For 29-year-old Fyodor Bagnenko, a fixed-income trader at Dragon Capital in Ukraine, selling bonds has become a lonely business.
From his seven-story office in central Kiev, about 20 minutes from the barricades on Independence Square that were the epicenter of protests that triggered the worst crisis between Russia and NATO countries since the Cold War, he would trade more than $20 million of bonds a day last year. Since the revolution, there have been days where he couldn’t close a single deal as trading in Ukrainian financial assets dried up.
“We’ve had days where the market’s dropped five points or more and not a buyer in sight,” he said as he headed to his morning meeting March 14. “People have gotten whiplash, with the market jumping from complete indecision to frantic action, with the whole world trying to buy, or sell, simultaneously.”
Not long ago, Ukraine was one of the hottest spots in emerging markets, posting returns of 24 percent on its dollar-denominated notes in 2012 and luring foreign firms led by Franklin Resources Inc. Those returns turned negative last year as the tug of war over Ukraine spurred unprecedented protests.
The value of stocks traded on the Ukrainian Exchange has dropped 27 percent this year to 970 million hryvnia ($91 million), according to data on the bourse’s website. The benchmark equity gauge is up 9.3 percent over the past year after tumbling 69 percent the previous two years.
Regulated corporate-bond trading slumped to 111 million hryvnia, about a quarter of the volume from the same period of last year, while trade in local-currency government bonds amounted to 27 million hryvnia, the data show.
The price of Ukraine’s 2023 dollar bond swung more than 2 percent on one in every four trading days this year, compared with about one in 17 days last year, according to data compiled by Bloomberg. The notes advanced to 86.26 cents on the dollar at 3:13 p.m. in Kiev, curbing the yield to 9.82 percent, the lowest since March 5, the data show.
“Eight years at Dragon and I’ve never had to deal with this level of stress before,” Bagnenko said.
Franklin Templeton, whose $190 billion global bond group is overseen by Michael Hasenstab, has boosted holdings of Ukrainian government bonds to $7.3 billion, according to data from the asset manager’s most recent filings compiled by Bloomberg.
“The Templeton Global Bond group has the size to make what may seem like overall large investments in a single country,” Adnan Abdel-Razzak, a Dubai-based spokesman for the firm, said by e-mail yesterday.
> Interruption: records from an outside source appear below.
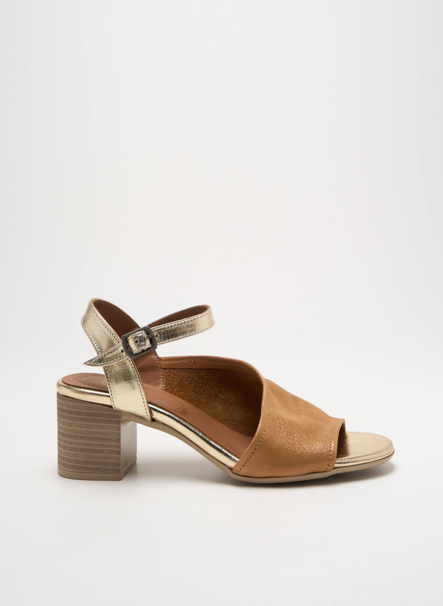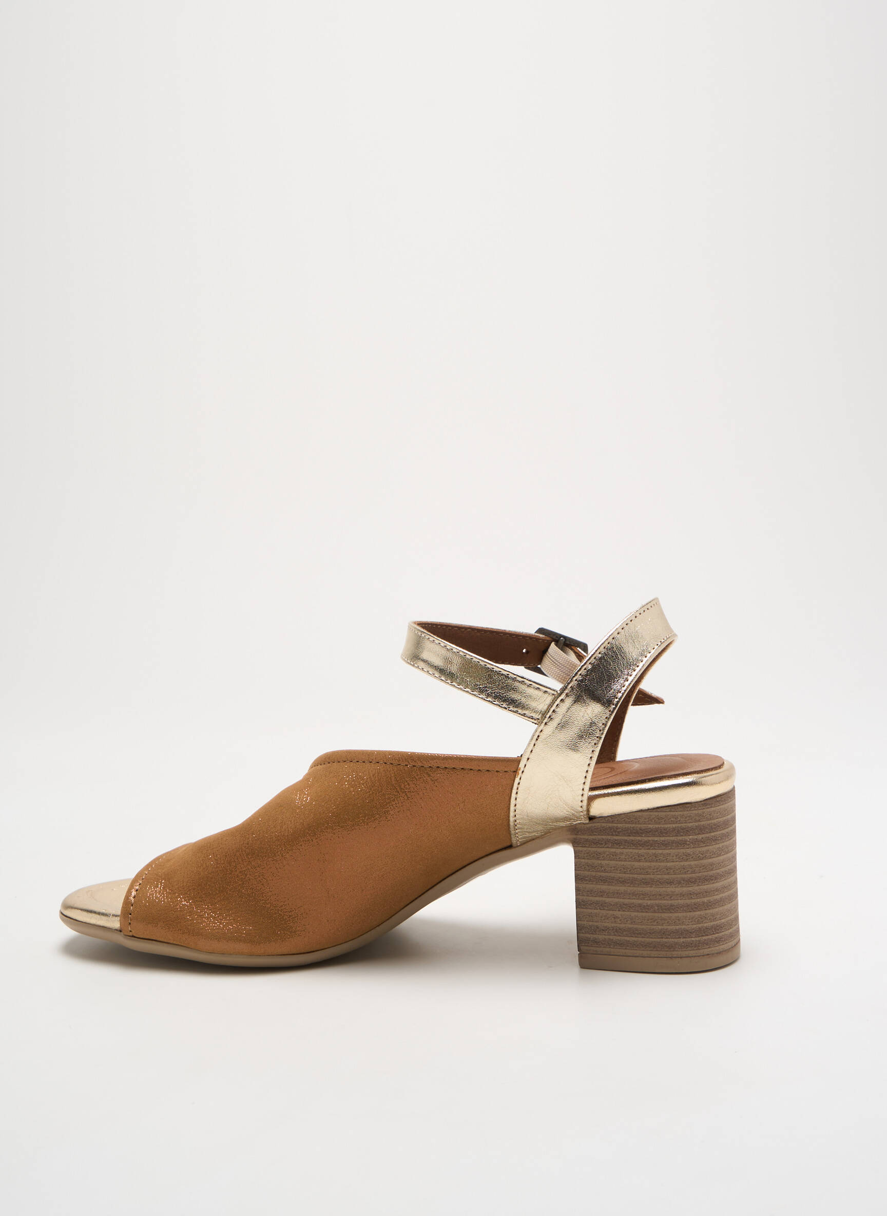 Saisissez l'occasion de vous offrir une paire de sandales LUNE & L'AUTRE à prix mini, idéale pour les adeptes de looks féminins sans compromis sur le confort. Ce modèle nu-pieds, alliant un joli contraste entre une bride dorée brillante et un empeigne camel à la texture raffinée, repose sur un talon épais qui assure une démarche stable et élégante tout au long de la journée. À ce tarif avantageux, laissez-vous séduire par son style chic et actuel qui s’accorde à toutes vos envies estivales.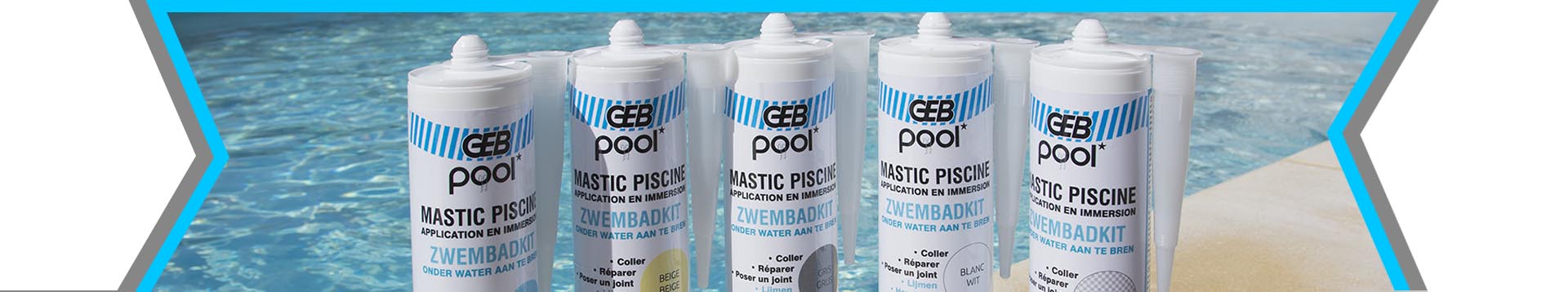 – Collage des rebords, des pièces à fixer et des éléments de piscine en polyester (marches, échelles, systèmes de filtration).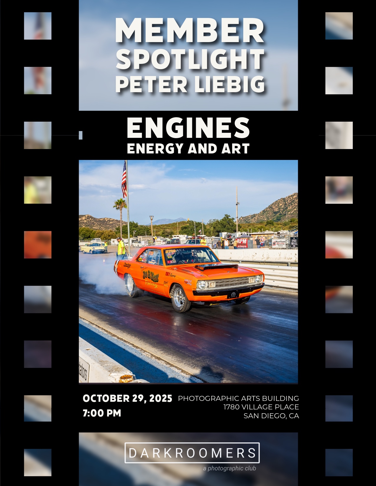Get to know Darkroomer and commercial photographer Peter Liebig in this Member Spotlight presentation. Peter will share his passion for capturing the excitement of motorsports, classic cars, and more—along with the creative artistry that transforms his images into unique digital paintings. Joined by his wife and partner, Wanda, Peter will give us a behind-the-scenes look at their dynamic journey.

He declined to comment on the company’s view on its Ukraine investment or its latest holdings.
While the burning piles of tires have been extinguished in Kiev and snipers no longer target protesters from rooftops, Bagnenko is continuing to work against a backdrop of waning investor sentiment that underscores his country’s economic and political fragility. Ukraine’s leaders are lobbying for aid from the International Monetary Fund, the European Union and the U.S.
Ukraine, which has $10 billion in foreign debt payments to make this year, has seen its currency reserves dwindle by about 50 percent over the last two years to $15.4 billion on Feb. 28.
The IMF is making “significant” progress in aid talks with the government in Kiev, the lender said on March 20. The fund will complete its mission to Kiev today after talks with Premier Arseniy Yatsenyuk, Deputy Foreign Minister Danylo Lubkivsky told reporters.
Daily bond moves will prove hard to assess until the country’s political environment stabilizes, according to Simon Quijano-Evans, the London-based head of emerging-market research at Commerzbank AG.
“We can’t talk about short-term gains on bonds for whatever reason,” Quijano-Evans said by e-mail on March 21. “The recent history of Ukrainian bonds has been a roller-coaster ride that is reflective of a non-functioning economic and political backdrop.”
Bagnenko said he supported the ouster of President Viktor Yanukovych, who fled to Russia after more than 100 people died around Kiev’s Maidan, or Independence Square, last month. He and his colleagues at Dragon Capital went through the barricades on Khreshchatyk Street to show their support for the protesters who have camped in a makeshift tent city since November.
“There were days of trading all day in a market in free-fall, and then heading out to Maidan to show solidarity with the protesters at night,” Bagnenko said. “I’d come home smelling of smoke from the camp fires, only to go to sleep and start it all again.”